§ **About this task**
Both the line below containing "Die GdP auf" and the line containing "Los recuerdos que", along with every line between them, should be repeated exactly; no other line belongs in the answer.

§ **Source material**
· · · ·

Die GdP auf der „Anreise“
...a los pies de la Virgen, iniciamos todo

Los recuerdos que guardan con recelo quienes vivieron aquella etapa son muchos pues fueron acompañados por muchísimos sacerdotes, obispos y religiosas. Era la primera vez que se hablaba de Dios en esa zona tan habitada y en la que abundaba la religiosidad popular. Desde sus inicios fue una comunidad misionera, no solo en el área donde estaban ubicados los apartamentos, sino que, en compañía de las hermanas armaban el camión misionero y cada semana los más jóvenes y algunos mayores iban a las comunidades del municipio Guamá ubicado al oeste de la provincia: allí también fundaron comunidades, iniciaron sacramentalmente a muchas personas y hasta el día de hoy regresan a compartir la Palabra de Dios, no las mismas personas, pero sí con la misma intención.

· · · ·

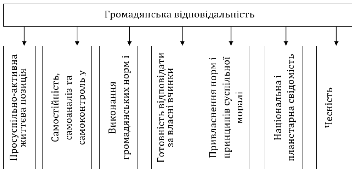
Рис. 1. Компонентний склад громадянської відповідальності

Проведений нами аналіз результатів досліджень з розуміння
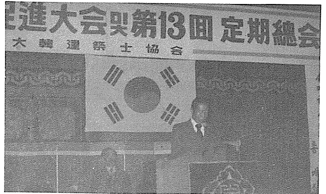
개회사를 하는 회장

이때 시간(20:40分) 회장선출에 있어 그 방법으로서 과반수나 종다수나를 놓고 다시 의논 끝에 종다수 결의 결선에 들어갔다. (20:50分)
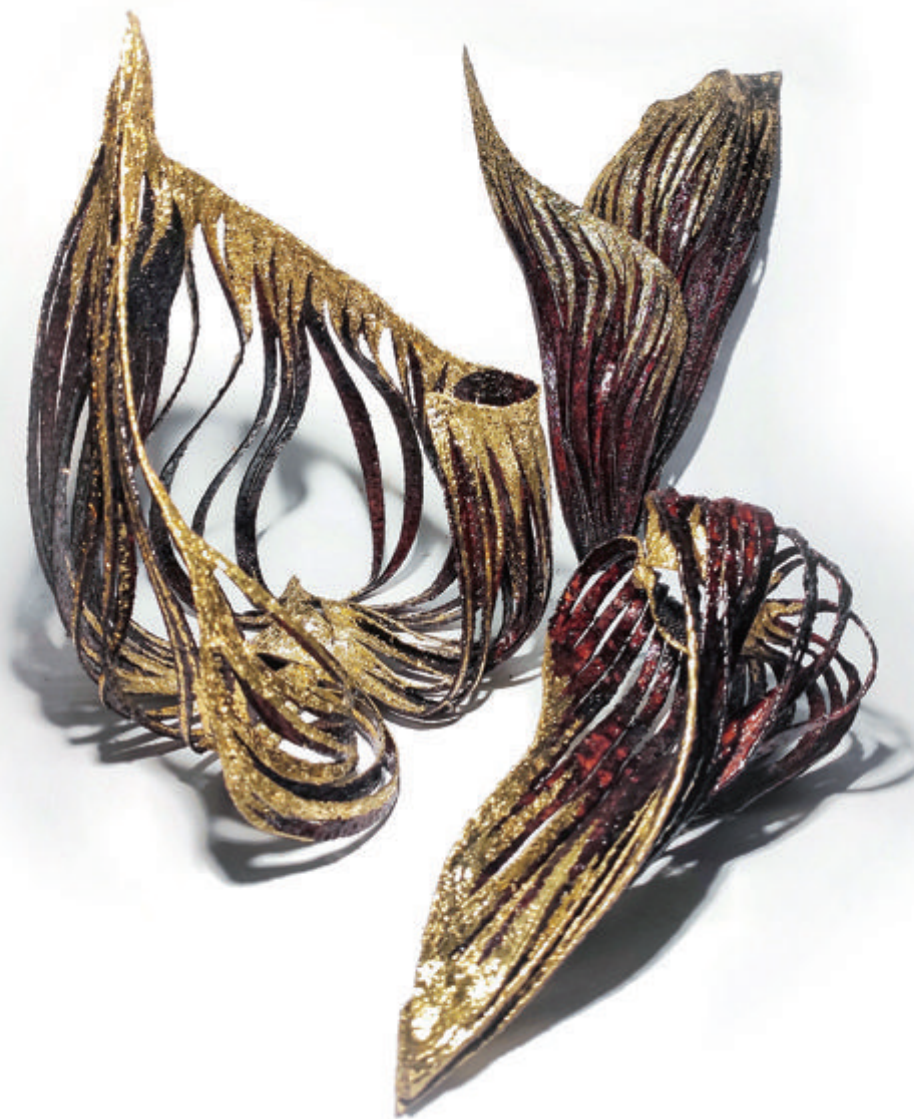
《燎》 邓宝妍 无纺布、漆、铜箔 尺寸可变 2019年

· · · ·

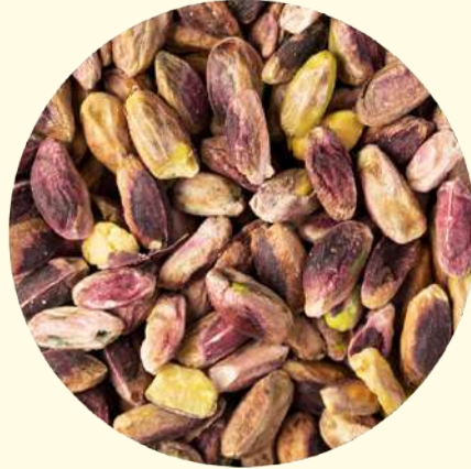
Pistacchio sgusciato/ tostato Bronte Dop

· · · ·

§ **Written solution**
Die GdP auf der „Anreise“
...a los pies de la Virgen, iniciamos todo

Los recuerdos que guardan con recelo quienes vivieron aquella etapa son muchos pues fueron acompañados por muchísimos sacerdotes, obispos y religiosas. Era la primera vez que se hablaba de Dios en esa zona tan habitada y en la que abundaba la religiosidad popular. Desde sus inicios fue una comunidad misionera, no solo en el área donde estaban ubicados los apartamentos, sino que, en compañía de las hermanas armaban el camión misionero y cada semana los más jóvenes y algunos mayores iban a las comunidades del municipio Guamá ubicado al oeste de la provincia: allí también fundaron comunidades, iniciaron sacramentalmente a muchas personas y hasta el día de hoy regresan a compartir la Palabra de Dios, no las mismas personas, pero sí con la misma intención.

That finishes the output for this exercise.